REQUIRED WORK: Leaving out the pictures, return each line of the entries from the first through the line with "ennemi! | |", and only those lines.

══ DATA EXTRACT ══

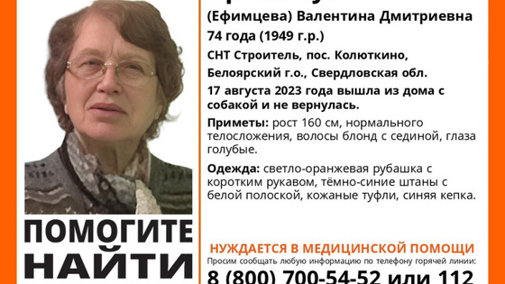 В поселке Колюткино Белоярского городского округа Свердловской области пропала 74-летняя Валентина Артемчук. Женщина вышла из дома с собакой 17 августа. Об этом сообщили в поисковом отряде «ЛизаАлерт».
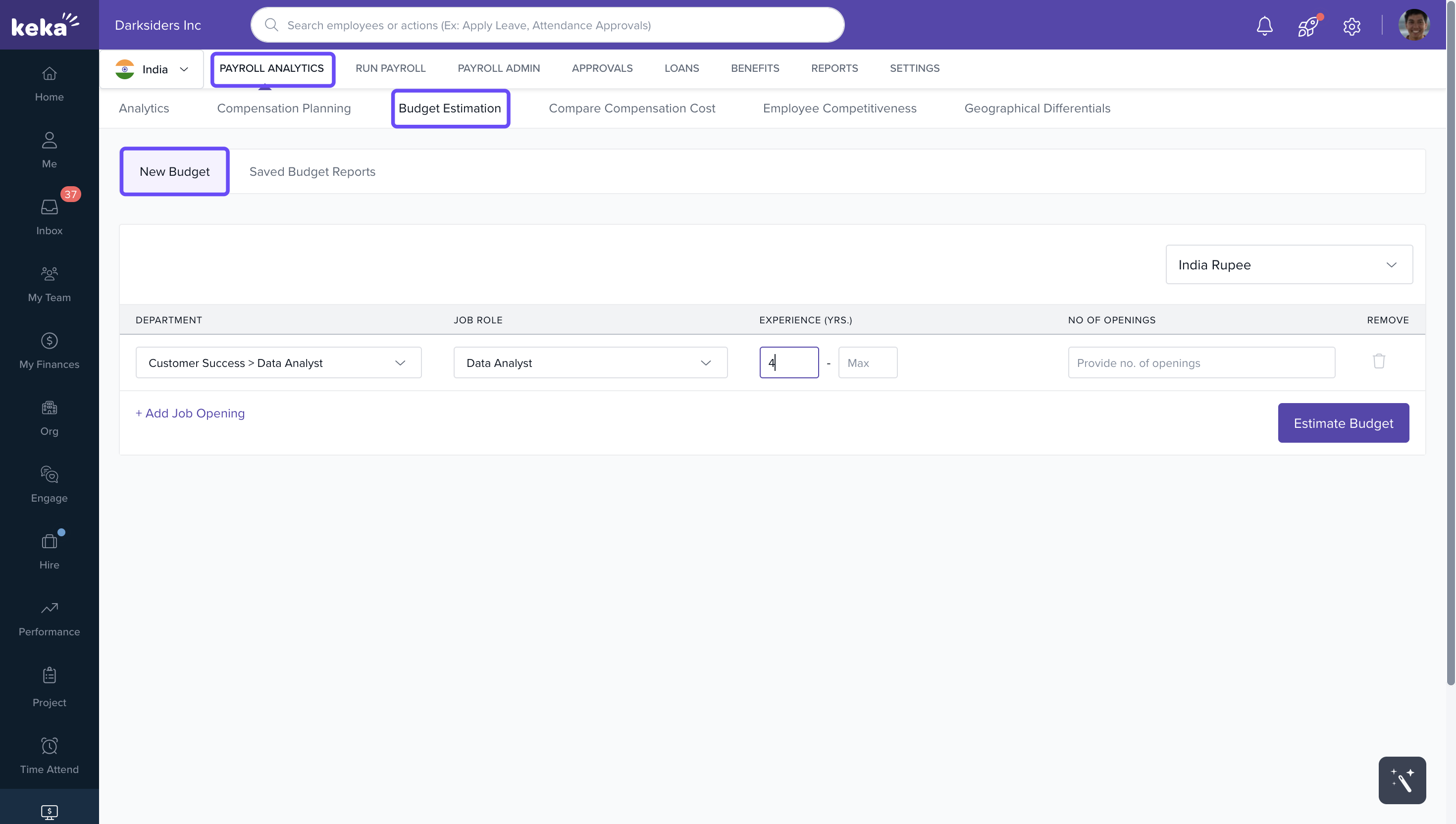 2. Under Payroll Analytics, click Budget Estimation.
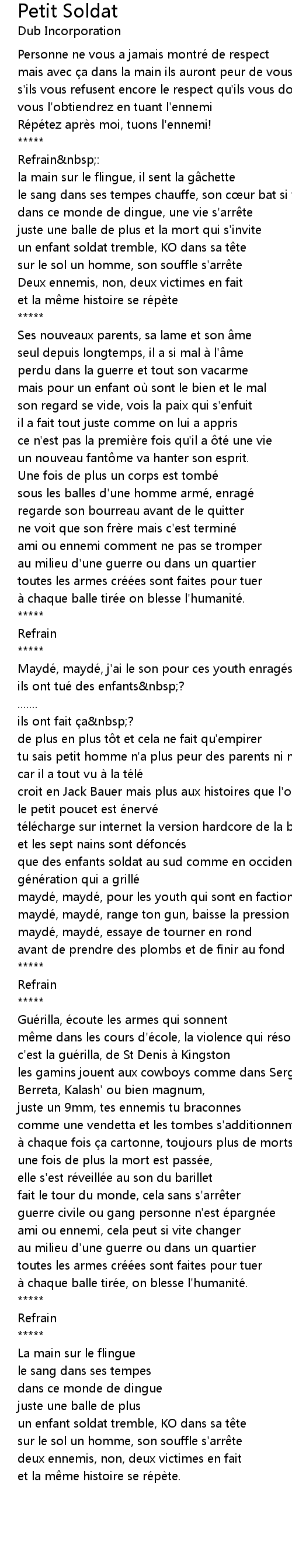 | Ré pé tez aprè s moi, tuons l' ennemi! | |
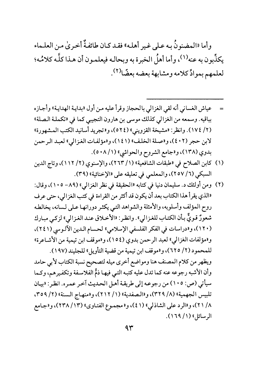 (¬٢) ومن أولئك د. سليمان دنيا في كتابه «الحقيقة في نظر الغزالي» (٨٩ - ١٠٥) , وقال: «الذي يقرأ هذا الكتاب بعد أن يكون قد أكثر من القراءة في كتب الغزالي, حتى عرف روح المؤلف وأسلوبه, والأمثلة والشواهد التي يكثر دورانها على لسانه, يخالطه شعورٌ قويٌّ بأن الكتاب للغزالي». وانظر: «الأخلاق عند الغزالي» لزكي مبارك (١٢٠) , و «دراسات في الفكر الفلسفي الإسلامي» لحسام الدين الآلوسي (٢٤١) , و «مؤلفات الغزالي» لعبد الرحمن بدوي (١٥٤) , و «موقف ابن تيمية من الأشاعرة» للمحمود (٢/ ٦٢٥) , و «موقف ابن تيمية من قضية التأويل» للجليند (١٩٧).
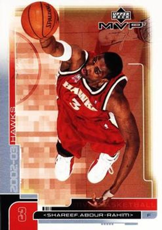 The Shareef Abdur-Rahim 2002 Upper Deck MVP #1 Base card is 1 of 5 Shareef Abdur-Rahim's card variations in the 2002 Upper Deck MVP set being tracked by Sports Card Investor, including Classic, Gold /100, Classic Black /50, and Materials Warm Up.
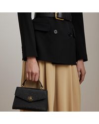 Weiter zu Ralph LaurenDie kleine Tasche Farrah mit geräumiger und dennoch raffinierter Silhouette mit abnehm- und verstellbarem Umhängeriemen ist Laurens elegante Version der Umhängetasche. Diese Version mit charakteristischem Drehverschluss wird für ein natürlich glattes Finish aus geschmeidigem Narbenleder gefertigt. Farbe: blau
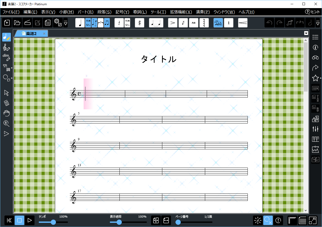 これらはあくまで作業中の雰囲気を変えるための表示となります。印刷には影響しませんし、作成した楽譜ファイルにも保存されません。
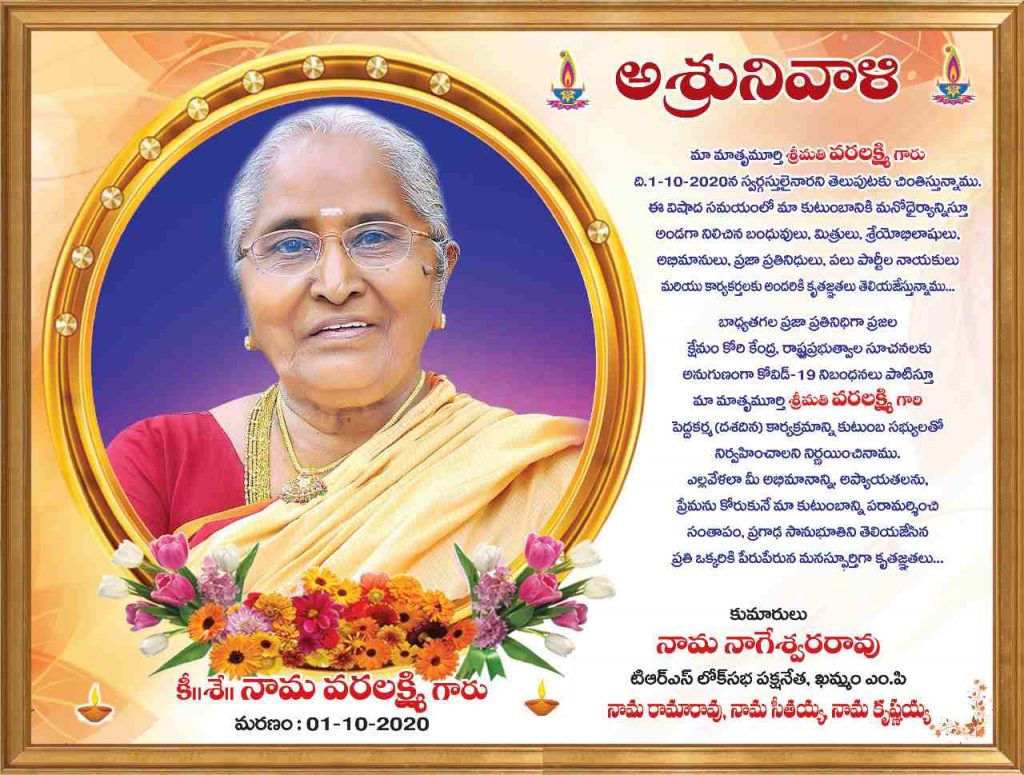 తమ మాతృమూర్తి శ్రీమతి వరలక్ష్మి ఈనెల 1వ తేదీన స్వర్గస్తులైన విషయాన్ని తెలుపుటకు చింతిస్తున్నామని నామా సోదరులు నామా నాగేశ్వరరావు, నామా రామారావు, నామా సీతయ్య, నామా కృష్ణయ్యలు తెలిపారు. ఈ విషాద సమయంలో తమ కుటుంబానికి మనోధైర్యాన్ని ఇస్తూ అండగా నిలిచిన బంధువులు, మిత్రులు, శ్రేయోభిలాషులు, అభిమానులు, ప్రజా ప్రతినిధులు, పలు రాజకీయ పార్టీల నాయకులకు, కార్యకర్తలకు అందరికీ కృతజ్ఞతలు తెలియజేస్తున్నట్లు ఎంపీ నామా తెలిపారు.
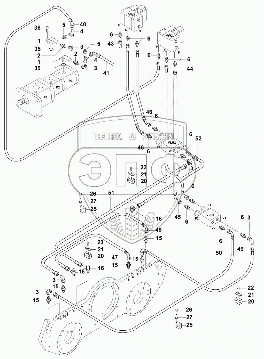 Каталог запасных частей к технике: JCB VM-1500-1601300. Трубопроводы
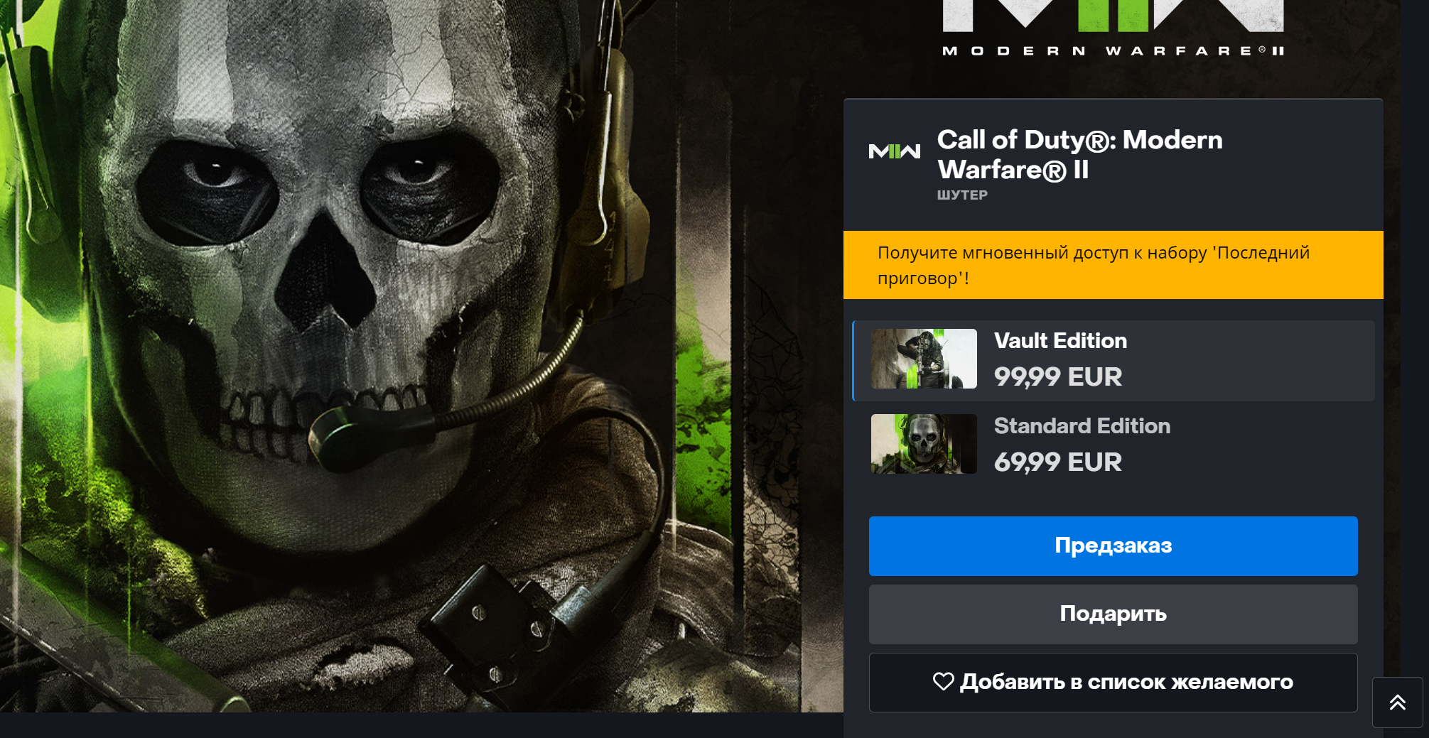 Например, стандартное издание Call of Duty: Modern Warfare II стоит 69,99 евро, а 99,99 евро попросят за премиальное. Комплект Overwatch 2 обойдётся в 39,99 евро.
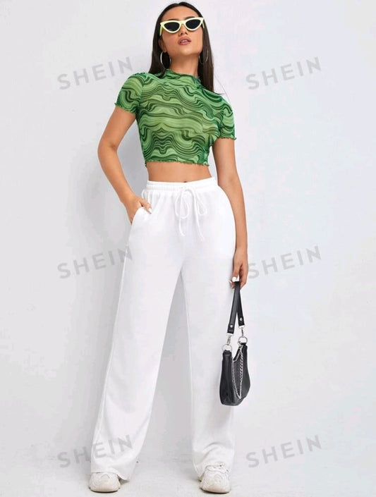 SHEIN ICON Tops de mujeres Acaracolado Transparente Ribete
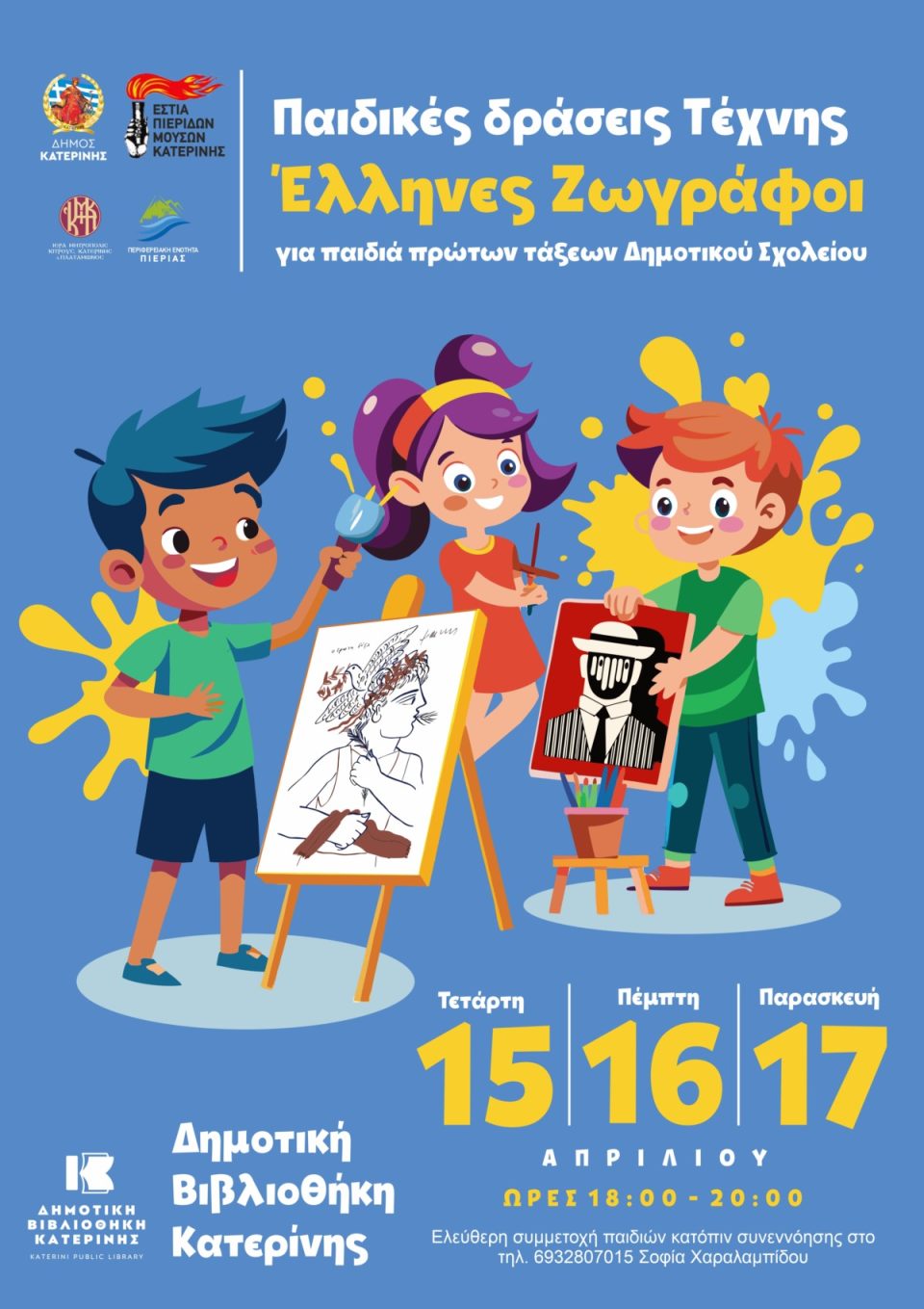 Η Δημοτική Βιβλιοθήκη Κατερίνης, σε συνεργασία με την Εστία Πιερίδων Μουσών, προσκαλεί τους μικρούς μας φίλους σε ένα μοναδικό ταξίδι στον κόσμο του χρώματος και της δημιουργίας!
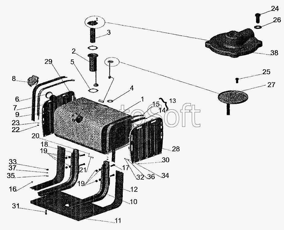 | МАЗ | МАЗ-5336 (2005) | 5337-1101200 | Экран защитный | Крепление топливного бака (с ограждением) на МАЗ-533702 | |
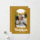 Une carte de vacances rétro votre photo en forme d'arc, et "Happy Holidays" en gras de type rétro blanc, sur un arrière - plan jaune moutarde/or. L'envers est constitué de bandes horizontales blanches.
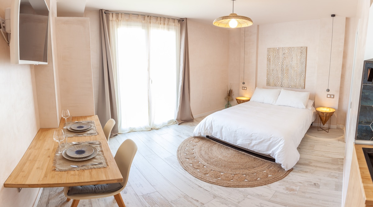 Loft nuevo muy iluminado y funcional con terraza particular y acceso privado al edificio. Situado en zona residencial muy tranquila y cerca de la calle principal de tiendas. Estamos a 5 minutos del casco antiguo y a 10 minutos de la playa de los lances, desde la terraza se puede ver el mar. Cocina y baño totalmente equipados, menaje completo, toallas, sabanas y mantas para cuatro personas. Apartamento ideal para parejas o hasta cuatro personas.

═══

EXERCISE OUTPUT:
 В поселке Колюткино Белоярского городского округа Свердловской области пропала 74-летняя Валентина Артемчук. Женщина вышла из дома с собакой 17 августа. Об этом сообщили в поисковом отряде «ЛизаАлерт».
 2. Under Payroll Analytics, click Budget Estimation.
 | Ré pé tez aprè s moi, tuons l' ennemi! | |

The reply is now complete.